The Future of LxD is Data-Driven. But Not Like You Think.
- marleegeiger
- May 1
- 4 min read
Why corporate LxD needs a smarter approach to analytics if it wants to stay relevant.

There’s an elephant in the room of LxD. We’re surrounded by data, but we don’t always know what to do with it.
Every quiz score. Every post-course survey. We collect the data diligently, but we often struggle to make these data points connect to a meaningful story.
This is where LxD is ripe for transformation.
Why “What Happened” Isn’t Enough
If you’ve worked in corporate LxD, you’ve seen the dashboards. You’re familiar with all the metrics: completion rates, test scores, and satisfaction surveys. It looks so neat and in-depth, but it’s misleading.
Sure, these metrics tell us generally what happened and who showed up. Who passed a quiz and gave the course a 5 on the post-course survey. But they definitely don’t tell us what we really should be focusing on; whether the learner changed behavior or made better decisions. Whether it actually contributed to business goals.
The problem is more than just the dashboard. Data often lives in various places collecting dust. The LMS, a CRM, or a performance review only given two minutes of review. The systems don’t actually communicate with each other to create a full story.
Because of this, most LxD professionals only understand on a surface level what their learning experiences are achieving. They assume that people are learning… something. But maybe not the right thing or maybe it didn’t stick.
It’s not because we aren’t skilled. The tools we’ve been given and the expectations we’ve been given aren’t evolving to match the changing, complex world and the strategic role learning plays.

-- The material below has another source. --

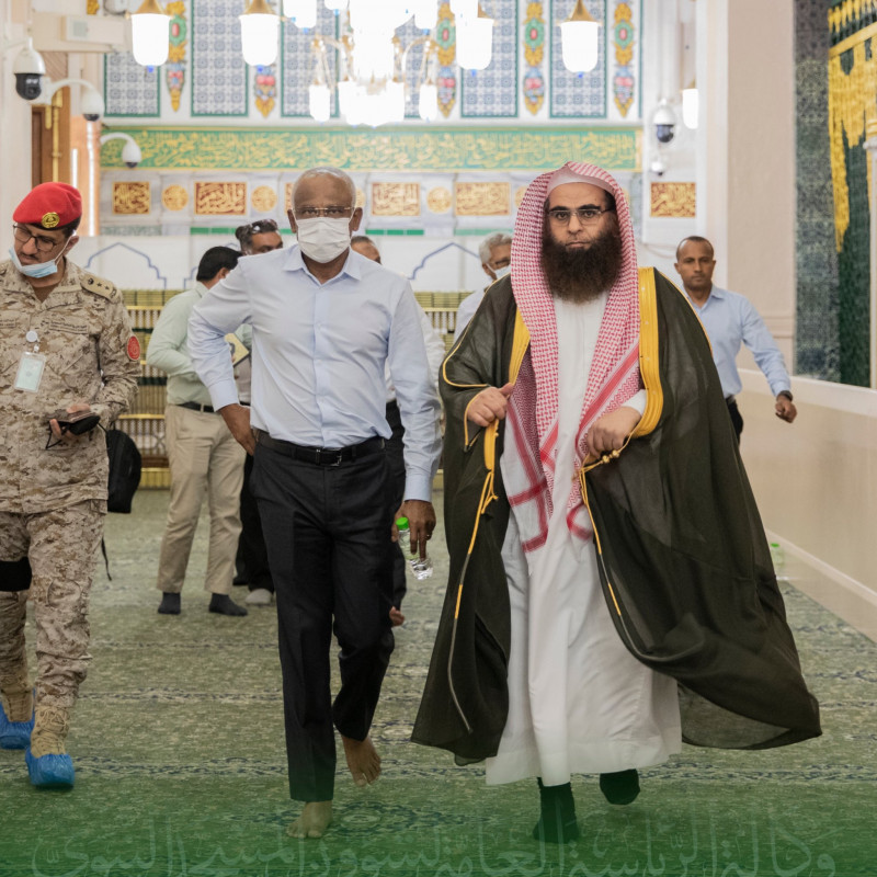 މަސްޖިދުއް ނަބަވީއަށް ކުރެއްވި ޒިޔާރަތުގައި އެމަނިކުފާނަށް މަރުޙަބާ ދެންނެވީ އެސިސްޓެންޓް ޖެނެރަލް ޕްރެޒިޑެންޓް ފޯރ ދަ އެފެއާޒް އޮފް ދަ ޕްރޮފެޓްސް މޮސްކު ޑރ.މުޙައްމަދު އަލް ޚުދައިރީއެވެ. ރައީސް އަރިހުގައި ކޮމިޝަނަރ އޮފް ޕޮލިސް މުޙައްމަދު ޙަމީދުއާއި ރައީސް އޮފީހުގެ ޗީޕް އޮފް ސްޓާފް އަލީ ޒާހިރުވެސް ބައިވެރިވެވަޑައިގެންނެވިއެވެ.

The Data Revolution Isn’t Coming. It’s Here.
Fortunately, we’re starting to see a shift.
The industry is starting to change and forward-thinking LxD teams are experimenting with more meaningful data strategies. SCORM and spreadsheets are giving way to systems that are more insightful.
xAPI unlike its predecessor SCORM, which only tells you if someone completed a course, can track a wide range of learner behavior. It takes tracking outside of the LMS by monitoring things such as opening a PDF or asking a question in Slack. When paired with a Learning Record Score (LRS) it gives us the full story of how learners actually learn.
We are also seeing the rise of AI-powered analytics which can detect patterns in learner behavior and offer real-time insights. This can help us to predict if a learner is at risk of falling behind, recommend next steps, and flag when a training program isn’t producing the results needed. Enabling LxD professionals to know whether a program is resonating or not,before a learner finishes, and being able to adjust it.
But the tools are only one part of the story, it’s also about how we use them. More LxD professionals are designing with data in mind from the start. They’re starting to ask more important questions. What do we want this training to achieve? How will we know if it’s working? What does “impact” really mean for our organization?
These are questions that demand more than just a multiple-choice quiz.
What the Future Looks Like and How to Get There
The most exciting part? We’re just getting started.
But we have to go further than just tracking data. We need to use that data to create experiences that adapt, respond, and evolve to the changing world. For example: a newly hired manager starts a leadership training program. While going through the program, the AI-powered analytics has found that they are excelling at communication scenarios, but struggling with financial decision-making. Instead of allowing the learner to keep going through the program the same as everyone else, it adjusts. It starts to offer additional resources or maybe a live session focused on budgeting.
If AI-powered analytics can do this for this learner, it can do it for all learners across the organization. Personalized learning for all individuals in ways that would take years to manually make. It’s not a perk. It’s a core function.
We’re also on the cusp of predictive analytics that can help organizations identify skill gaps early so they can be resolved early. When we’re able to analyze trends across performance data, learner engagement, and business outcomes, future systems will help LxD professionals determine what their learners need next and how we’ll build it.
Companies are already experimenting with these systems and seeing real results. Improved retention, faster onboarding, stronger performance, and more meaningful data that stakeholders care about.
So, What Now?
Instead, treat it like a co-designer.
We can all start by looking at the data we already are collecting. We need to make sure our data is tied to business goals, not just course logistics. We need to start looking for feedback throughout the learning, not just at the end. We need to start seeing how our systems can communicate with each other so we don’t have to pull data from five systems.
From there look towards upgrading our tools, processes, and even your own data fluency. This doesn’t need to happen overnight. It can happen one step at a time with a pilot program or a better dashboard. Just keep it moving towards the future.
In the years to come, we won’t be judged by how many hours of training we provide, but by what that training helps people do. The only way to know that is through smarter and more strategic data.
Final Thought
We’re not designing for data. We’re designing with it.
It’s not about metrics. It’s about meaning.
And when we do it right, data doesn’t just prove learning works. It helps to learn to work better.